Currently, the limited recognition of the local context in recent policies in India and Nepal, as well as the overlapping of institutional rights, such as for van panchayats and BMCs in India and ANCA Conservation committees and CFUGs in Nepal, has led to limited vertical and horizontal integration between state and non-state actors. This could become even more severe in Nepal when the newly established administrative units, gaun palikas (villages) and nagar palikas (municipalities), empowered through the new Nepal Constitution of September 2015, demand their rights to manage natural resources at the local level. This will most likely bring a new dynamic into the existing governance structure with outcomes, which so far cannot be predicted. A similar situation could occur in India once BMCs on local level and the State Biodiversity Board receive more human and financial resources and become more strongly socially accepted. As yarshagumba is currently the local resource with the highest value found in the Himalayan Mountains (Negi et al. 2016), struggles on state and local level between State Forest Department and State Biodiversity Board to benefit from the resource are likely. However, the new situations in Nepal and India can also provide opportunities to reflect on general questions about equity, power and authority, resource distribution and livelihood dependencies in the context of NTFP collection and sale in remote mountain villages to encourage transformative change.

6. Conclusion

Our comparative case study reveals communities’ and governments’ capacities to adapt to resource value changes in the high alpine grasslands of the Kailash Landscape. We conclude that neither government nor communities alone can ensure effective governance in remote mountain areas when resource values rapidly increase. During learning processes the link between the amendment of actions (single-loop learning), in our case initiated by communities, and the revision of the formal policies and the frame (double-loop learning) is essential to ensure that innovative approaches reach the policy level (vertical integration) and can spread across administrative boundaries (horizontal interaction). A complex and complementary resource governance system consisting of governmental institutions and communal management arrangements is required to adapt adequately and to ensure that learning processes are innovative, context-specific, legally sanctioned and enforced.

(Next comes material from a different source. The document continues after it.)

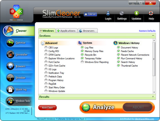 В комплект SlimCleaner входят утилита для деинсталляции приложений и «шредер» для безопасного уничтожения файлов, папок и т.д. Есть возможность анализировать содержимое меню автозагрузки и взаимодействовать с активными службами, а также генерировать журнал Hijack Log, подробного списка всех инструментальных панелей, браузерных «помощников», плагинов ActiveX и других объектов второстепенной важности, установленных в системе. С помощью предлагаемых инструментов пользователи смогут добиться максимально производительной работы системы.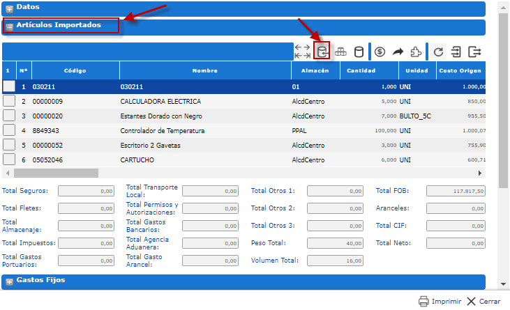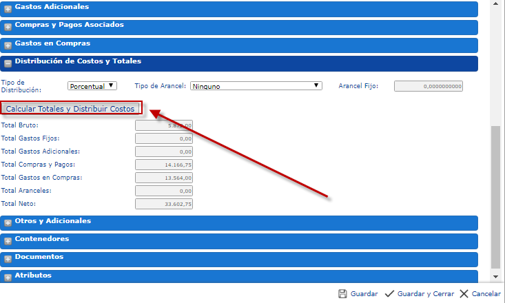 a. Hacemos clic donde dice Distribución de Costos y Totales, y procedemos a inspeccionar nuevamente los artículos importados, en la sección correspondiente,

Building on this insight we conclude that other common pool resources in the Himalayas face similar governance challenges. For example demand and prices for medicinal and aromatic plants have increased over the last decades (Pauls and Franz 2013). The majority of them, just like yarshagumba, are not cultivated, but harvested wild in remote areas by communities (Uprety et al. 2016). Referring to our findings, this will most likely trigger similar power struggles, adaptation and learning processes.

We recommend that the affected regions establish common platforms for actors from different levels and sectors, including the government, relevant research facilities and communities. Joint meetings could encourage exchange and understanding, create awareness and provide the opportunity to share local and scientific knowledge among relevant actors. This would also close the gap between the communal and governmental efforts for adaption and encourage transformation towards sustainable resource management.